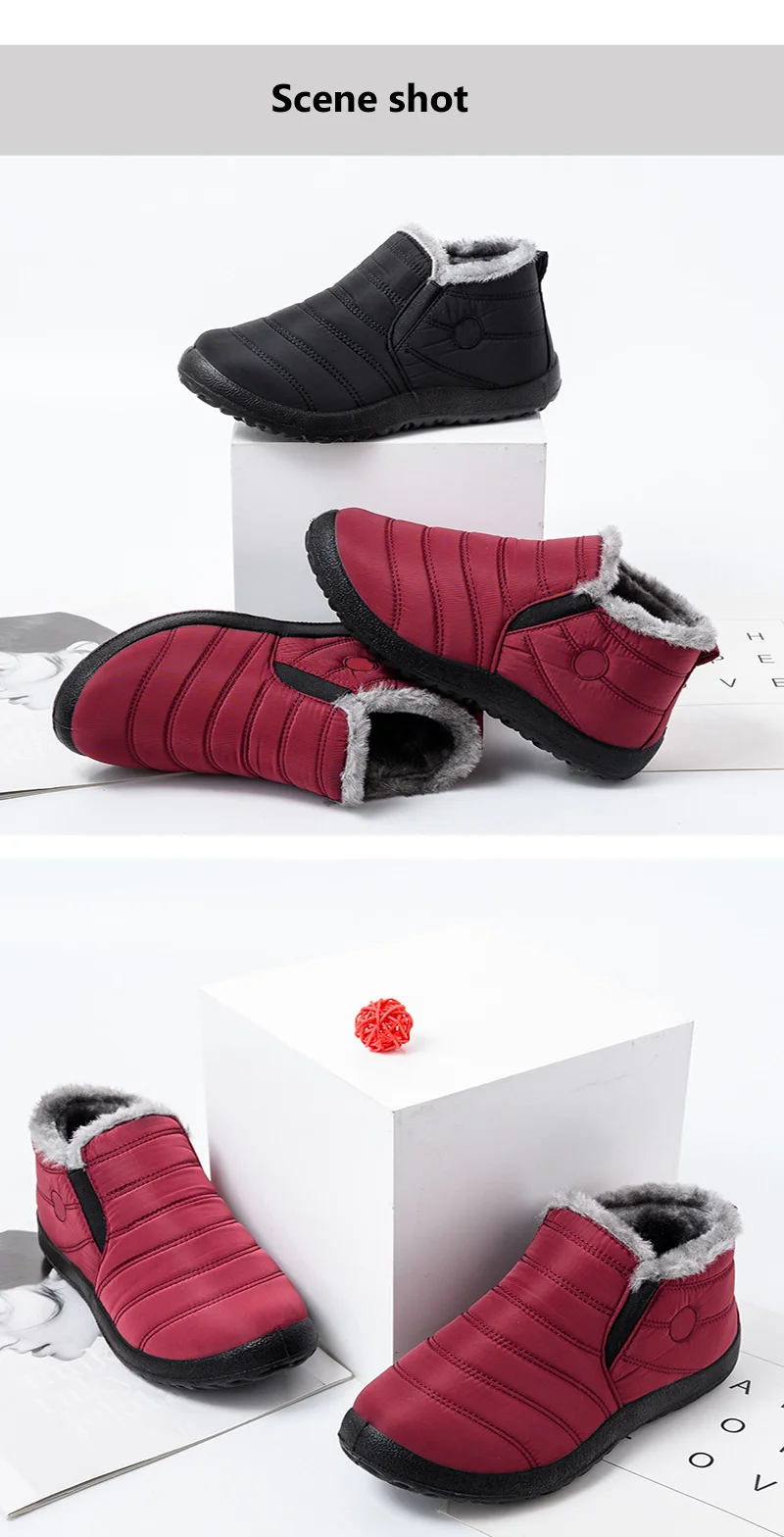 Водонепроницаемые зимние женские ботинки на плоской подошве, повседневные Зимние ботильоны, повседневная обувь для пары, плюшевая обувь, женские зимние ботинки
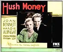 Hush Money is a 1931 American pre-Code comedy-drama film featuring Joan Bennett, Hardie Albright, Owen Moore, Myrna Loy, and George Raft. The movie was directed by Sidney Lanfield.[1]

==

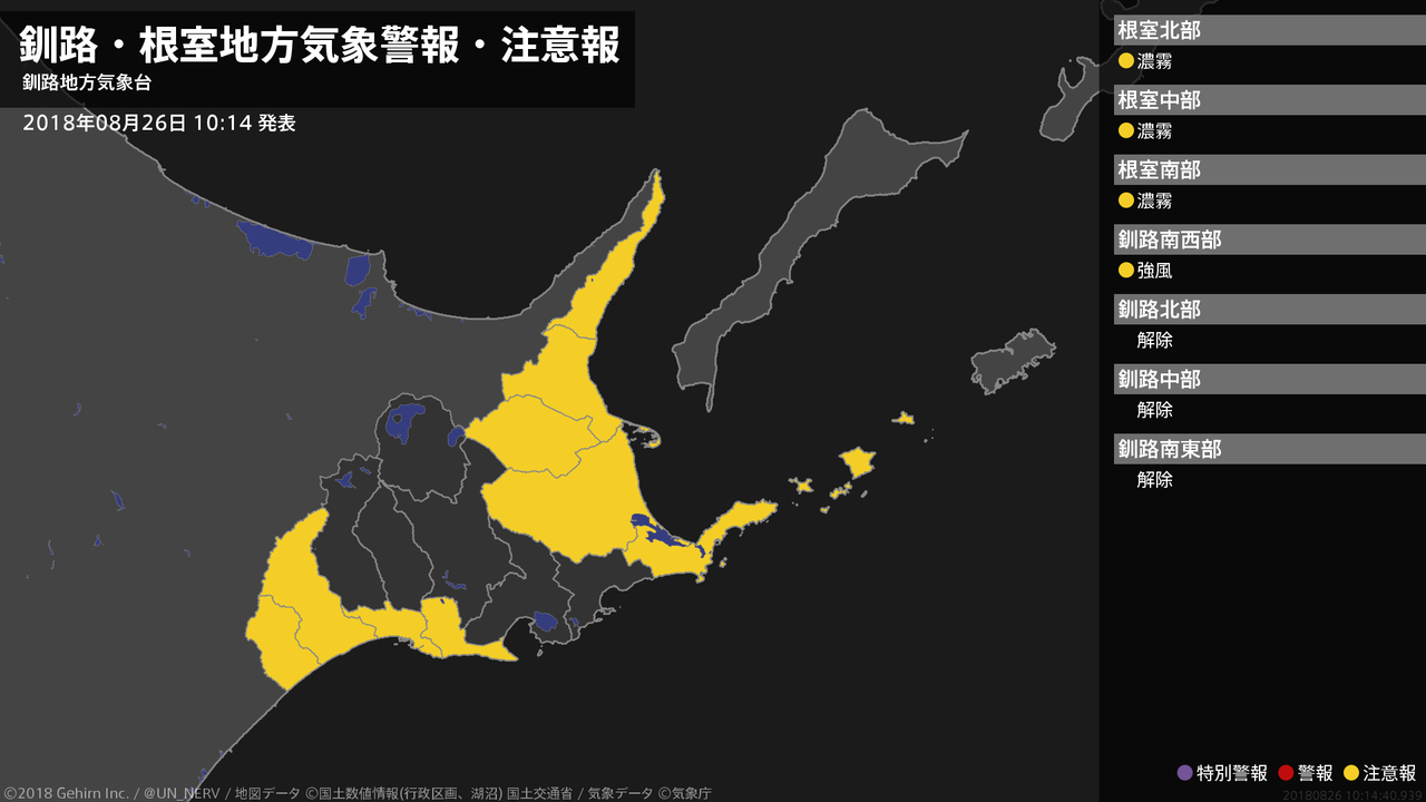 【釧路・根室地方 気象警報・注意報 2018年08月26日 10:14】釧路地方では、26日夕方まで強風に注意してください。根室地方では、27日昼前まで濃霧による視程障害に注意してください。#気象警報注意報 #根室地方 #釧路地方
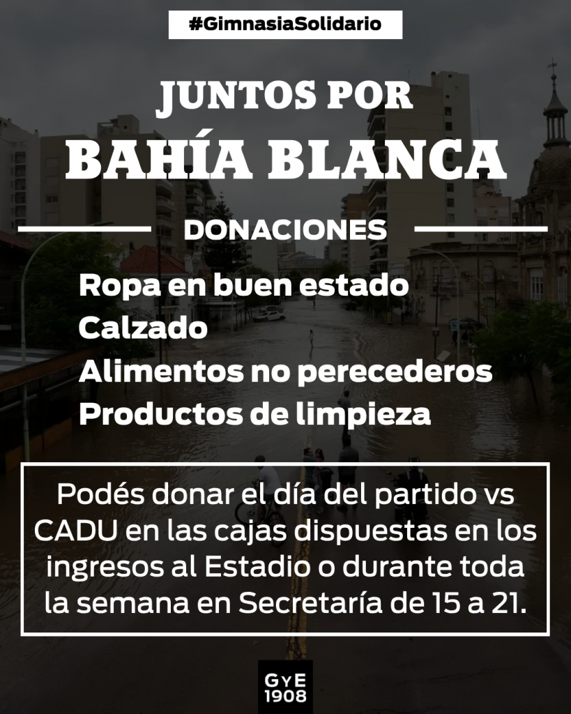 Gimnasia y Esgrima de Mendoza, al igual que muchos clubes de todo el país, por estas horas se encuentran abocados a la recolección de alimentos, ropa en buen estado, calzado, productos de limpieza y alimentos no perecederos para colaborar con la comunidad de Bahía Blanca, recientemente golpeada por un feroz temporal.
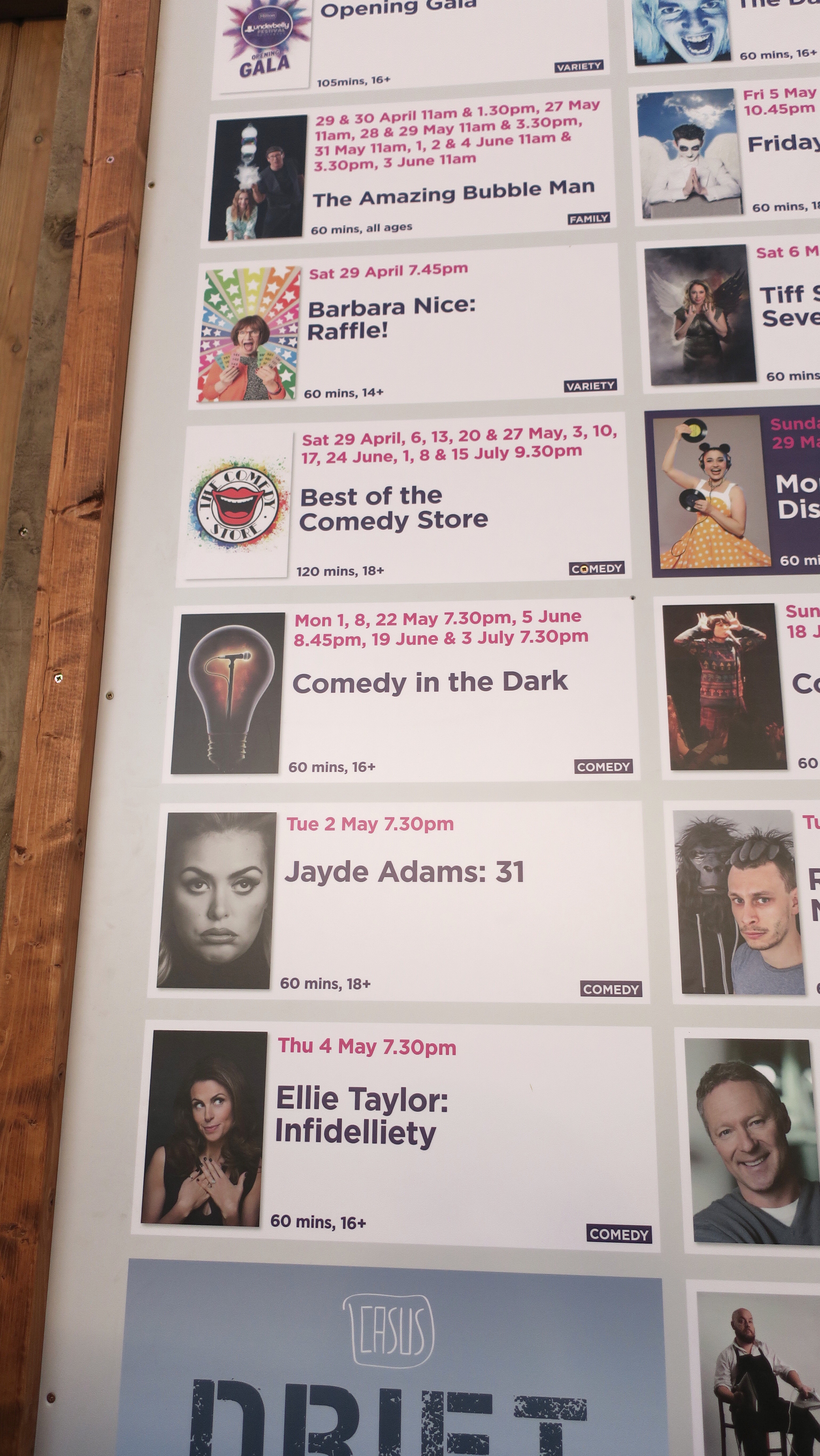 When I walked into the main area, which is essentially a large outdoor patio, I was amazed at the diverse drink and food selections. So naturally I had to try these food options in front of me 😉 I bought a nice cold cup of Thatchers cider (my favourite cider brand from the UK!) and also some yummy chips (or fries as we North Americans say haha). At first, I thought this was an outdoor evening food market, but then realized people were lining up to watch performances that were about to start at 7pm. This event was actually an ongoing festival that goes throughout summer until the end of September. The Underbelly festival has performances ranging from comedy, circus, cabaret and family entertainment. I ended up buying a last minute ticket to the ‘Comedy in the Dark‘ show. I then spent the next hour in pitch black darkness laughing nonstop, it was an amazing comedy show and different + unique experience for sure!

---

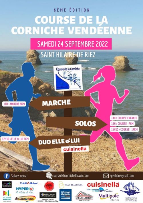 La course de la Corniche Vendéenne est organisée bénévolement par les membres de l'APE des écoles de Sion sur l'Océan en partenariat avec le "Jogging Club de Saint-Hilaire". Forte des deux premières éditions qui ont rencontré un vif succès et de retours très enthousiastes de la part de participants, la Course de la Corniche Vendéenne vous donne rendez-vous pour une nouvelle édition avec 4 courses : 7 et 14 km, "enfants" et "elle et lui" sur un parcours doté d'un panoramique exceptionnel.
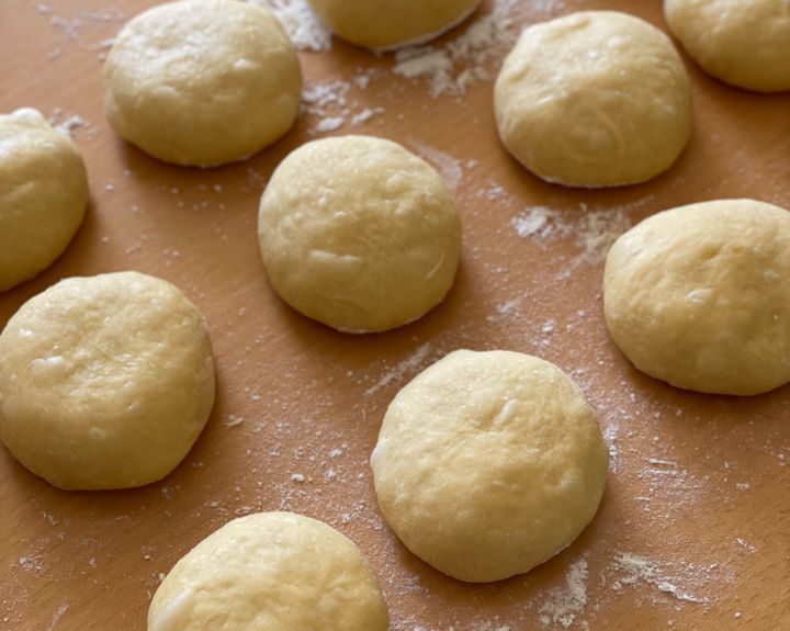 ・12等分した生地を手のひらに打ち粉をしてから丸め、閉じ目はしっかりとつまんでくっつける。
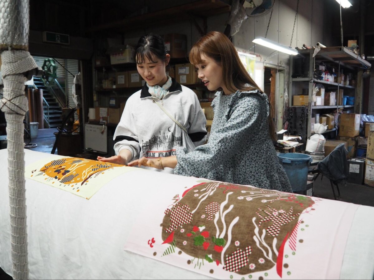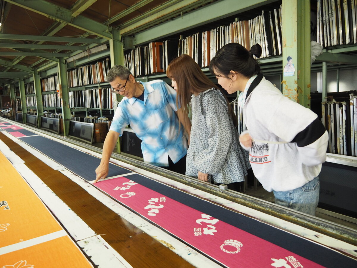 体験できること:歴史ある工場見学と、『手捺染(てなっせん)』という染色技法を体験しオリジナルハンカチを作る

▸ Task requirements:
Please copy the lines above exactly, starting at the line that holds "La course de la Corniche Vendéenne est" and ending at the line that holds "体験できること:歴史ある工場"; include both, but no pictures.

▸ Exercise response:
 La course de la Corniche Vendéenne est organisée bénévolement par les membres de l'APE des écoles de Sion sur l'Océan en partenariat avec le "Jogging Club de Saint-Hilaire". Forte des deux premières éditions qui ont rencontré un vif succès et de retours très enthousiastes de la part de participants, la Course de la Corniche Vendéenne vous donne rendez-vous pour une nouvelle édition avec 4 courses : 7 et 14 km, "enfants" et "elle et lui" sur un parcours doté d'un panoramique exceptionnel.
 ・12等分した生地を手のひらに打ち粉をしてから丸め、閉じ目はしっかりとつまんでくっつける。
 体験できること:歴史ある工場見学と、『手捺染(てなっせん)』という染色技法を体験しオリジナルハンカチを作る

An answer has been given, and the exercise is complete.